**WORK REQUEST:** Set down every line from the one containing "Uyuni diseñado por" through the last line of the records below, exactly as written, and leave out the pictures.

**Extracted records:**
**********
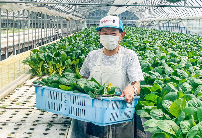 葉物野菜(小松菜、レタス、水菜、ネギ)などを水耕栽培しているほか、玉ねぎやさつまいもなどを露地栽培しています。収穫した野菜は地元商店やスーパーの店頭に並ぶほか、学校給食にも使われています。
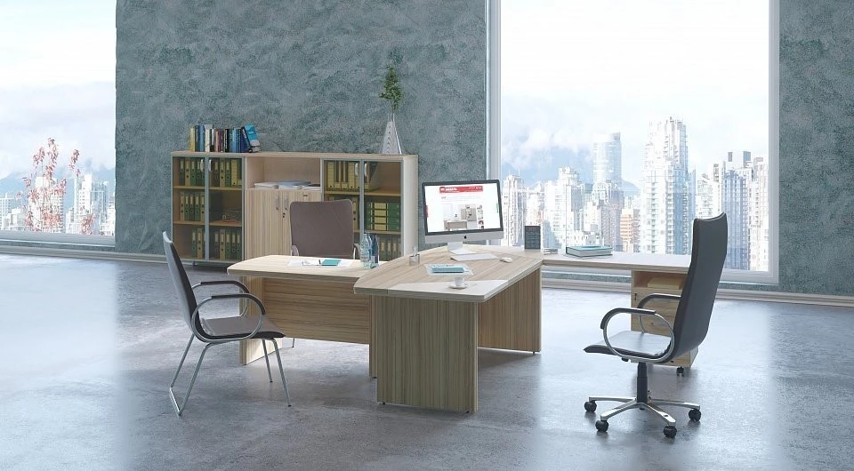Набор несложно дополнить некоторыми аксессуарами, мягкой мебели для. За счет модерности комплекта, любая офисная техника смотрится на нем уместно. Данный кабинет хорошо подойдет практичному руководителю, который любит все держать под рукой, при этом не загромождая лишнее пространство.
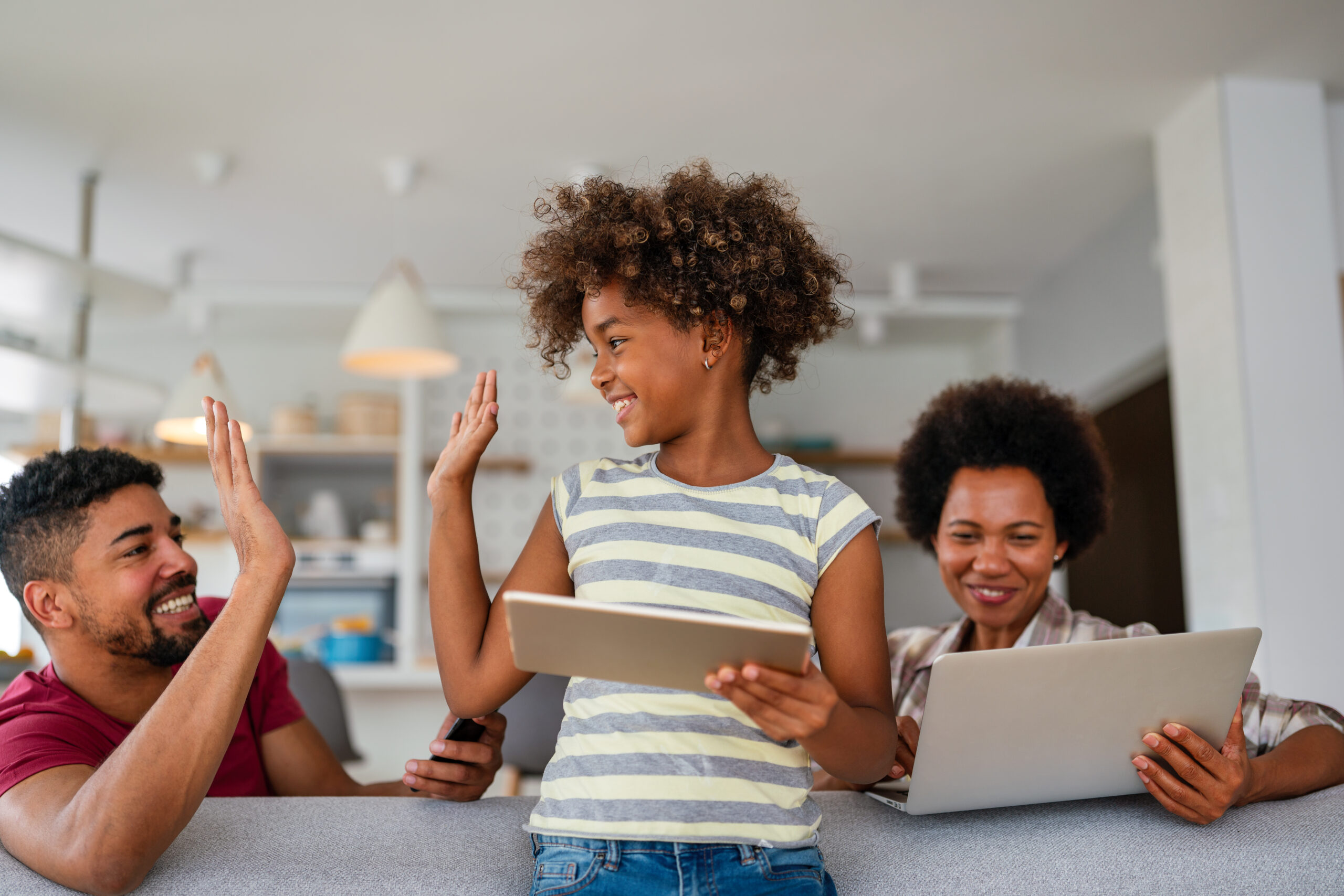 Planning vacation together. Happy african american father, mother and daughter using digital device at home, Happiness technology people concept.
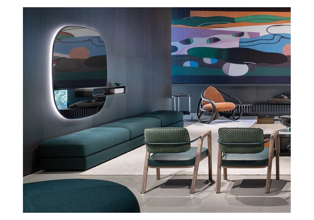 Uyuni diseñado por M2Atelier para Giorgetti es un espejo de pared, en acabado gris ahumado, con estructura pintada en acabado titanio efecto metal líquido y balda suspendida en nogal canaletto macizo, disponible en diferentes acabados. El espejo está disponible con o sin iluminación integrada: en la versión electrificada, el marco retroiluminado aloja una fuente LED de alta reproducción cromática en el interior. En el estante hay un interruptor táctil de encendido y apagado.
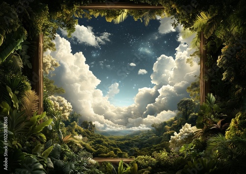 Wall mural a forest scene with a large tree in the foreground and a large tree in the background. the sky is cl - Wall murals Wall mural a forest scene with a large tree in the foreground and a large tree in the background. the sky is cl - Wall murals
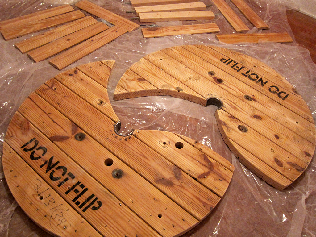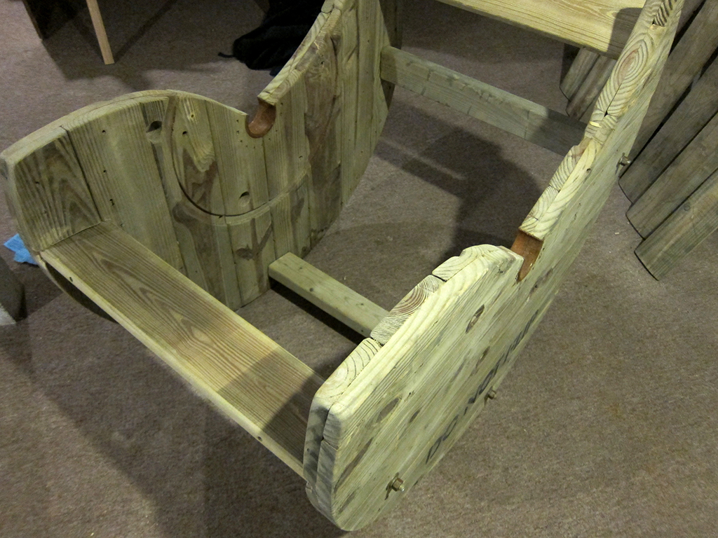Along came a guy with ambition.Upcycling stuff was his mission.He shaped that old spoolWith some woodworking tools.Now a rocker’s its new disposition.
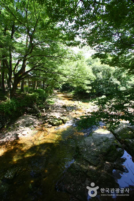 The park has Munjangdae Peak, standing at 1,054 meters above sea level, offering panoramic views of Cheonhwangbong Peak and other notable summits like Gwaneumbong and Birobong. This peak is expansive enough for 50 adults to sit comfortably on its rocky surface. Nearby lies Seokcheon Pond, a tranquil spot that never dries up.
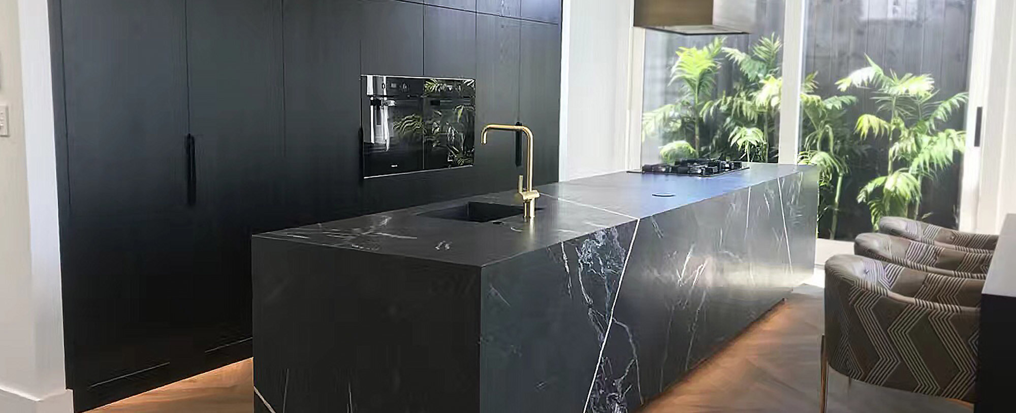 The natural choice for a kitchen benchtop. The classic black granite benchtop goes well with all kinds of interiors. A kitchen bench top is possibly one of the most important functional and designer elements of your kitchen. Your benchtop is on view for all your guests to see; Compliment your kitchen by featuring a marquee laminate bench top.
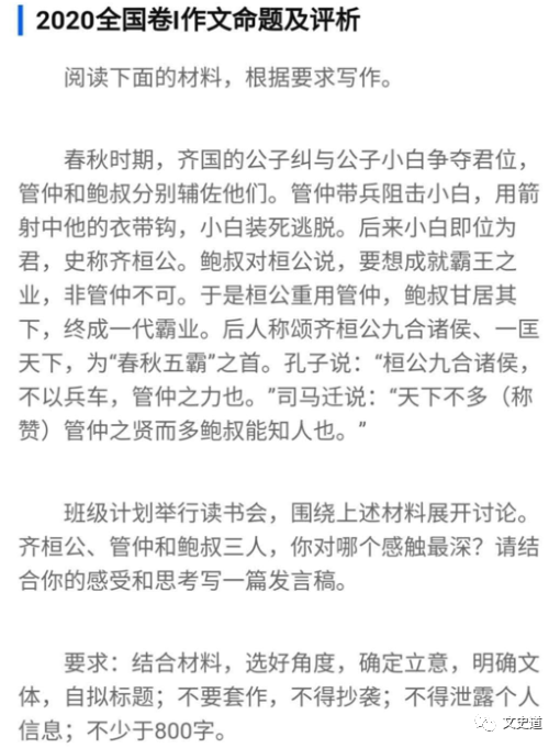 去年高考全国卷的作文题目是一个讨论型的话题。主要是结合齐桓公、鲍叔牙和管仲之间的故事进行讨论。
**********
**RESPONSE:**
 Uyuni diseñado por M2Atelier para Giorgetti es un espejo de pared, en acabado gris ahumado, con estructura pintada en acabado titanio efecto metal líquido y balda suspendida en nogal canaletto macizo, disponible en diferentes acabados. El espejo está disponible con o sin iluminación integrada: en la versión electrificada, el marco retroiluminado aloja una fuente LED de alta reproducción cromática en el interior. En el estante hay un interruptor táctil de encendido y apagado.
 Wall mural a forest scene with a large tree in the foreground and a large tree in the background. the sky is cl - Wall murals Wall mural a forest scene with a large tree in the foreground and a large tree in the background. the sky is cl - Wall murals
Along came a guy with ambition.Upcycling stuff was his mission.He shaped that old spoolWith some woodworking tools.Now a rocker’s its new disposition.
 The park has Munjangdae Peak, standing at 1,054 meters above sea level, offering panoramic views of Cheonhwangbong Peak and other notable summits like Gwaneumbong and Birobong. This peak is expansive enough for 50 adults to sit comfortably on its rocky surface. Nearby lies Seokcheon Pond, a tranquil spot that never dries up.
 The natural choice for a kitchen benchtop. The classic black granite benchtop goes well with all kinds of interiors. A kitchen bench top is possibly one of the most important functional and designer elements of your kitchen. Your benchtop is on view for all your guests to see; Compliment your kitchen by featuring a marquee laminate bench top.
 去年高考全国卷的作文题目是一个讨论型的话题。主要是结合齐桓公、鲍叔牙和管仲之间的故事进行讨论。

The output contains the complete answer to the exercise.